I just want to clear my doubts on the fromIntegral type in Haskell.

The output for these 2 euclidean distance functions are the same, so what's the point of putting fromIntegral? Like they both give floating point values of the euclidean distances.

Also, for the type definition of my function distance2 which uses the fromIntegral type, why is it (Floating a1, Integral a2) and then => (a2, a2) -> (a2, a2) -> a1? I just don't quite get the interpretation of it here.

distance2 :: (Floating a1, Integral a2) => (a2, a2) -> (a2, a2) -> a1
distance2 (x1, y1) (x2, y2) 
      = sqrt (fromIntegral ((x2-x1)^2   (y2 - y1)^2))

distance3 :: Floating a => (a, a) -> (a, a) -> a
distance3 (x1, y1) (x2, y2) 
      = sqrt ((x2-x1)^2   (y2 - y1)^2)

Could someone please help with an explanation, thank you :)

CodePudding user response：

The output for these 2 euclidean distance functions are the same, so what's the point of putting fromIntegral? Like they both give floating point values of the euclidean distances.

They both give floating point values, but they don't both take floating point values.

> distance3 (pi, 0) (0, 0)
3.141592653589793
> distance2 (pi, 0) (0, 0)
<interactive>:2:1: error:
    • Could not deduce (Integral a20) arising from a use of ‘distance2’
      from the context: Floating a1
        bound by the inferred type of it :: Floating a1 => a1
<snipped considerable additional error text>

Also, for the type definition of my function distance2 which uses the fromIntegral type, why is it (Floating a1, Integral a2) and then => (a2, a2) -> (a2, a2) -> a1?
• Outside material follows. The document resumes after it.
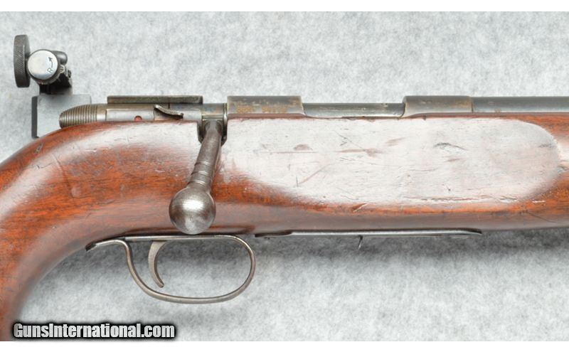 Description: .22 Long Rifle SOLD Chambers: "Bolt action, five round detachable magazine. (No magazine included). Metal Condition: "Good, some wear and fading of the bluing. Wood Condition: "Good, some dings and small dents. Barrels: 26 inch rifled heavy target barrel. Triggers: Single stage trigger. Stock Dimensions: 13 1/2 inch length of pull. Fore End: "Smooth wooden beaver tail fore-end with adjustable sling position points, integrated with the stock. Butt Pad: Black checkered steel butt plate. Sights: Globe front sight with a post insert. Rear sight is a Redfield peep sight adjustable for elevation and windage. Item Location: Berlin |

Your distance2 function takes numbers, and returns numbers, but not the same type of numbers. The incoming numbers must be integer-like things, so that you can apply fromIntegral to them; but the outgoing numbers must be floating-point-like things, so that you can apply sqrt to them. For example, here are some monomorphic types that distance2 can be specialized to:

(Int, Int) -> (Int, Int) -> Double
(Integer, Integer) -> (Integer, Integer) -> Double
(Word, Word) -> (Word, Word) -> Float

This English description is captured by creating two type variables, each with different constraints. An identical type for distance2, but with somewhat more human-readable variable names, might look like this:

(Floating float, Integral int) => (int, int) -> (int, int) -> float

CodePudding user response：

fromIntegral is used to convert the value of type Integral a => a that your sum-of-squares produces into a value of type Floating a => a that sqrt expects.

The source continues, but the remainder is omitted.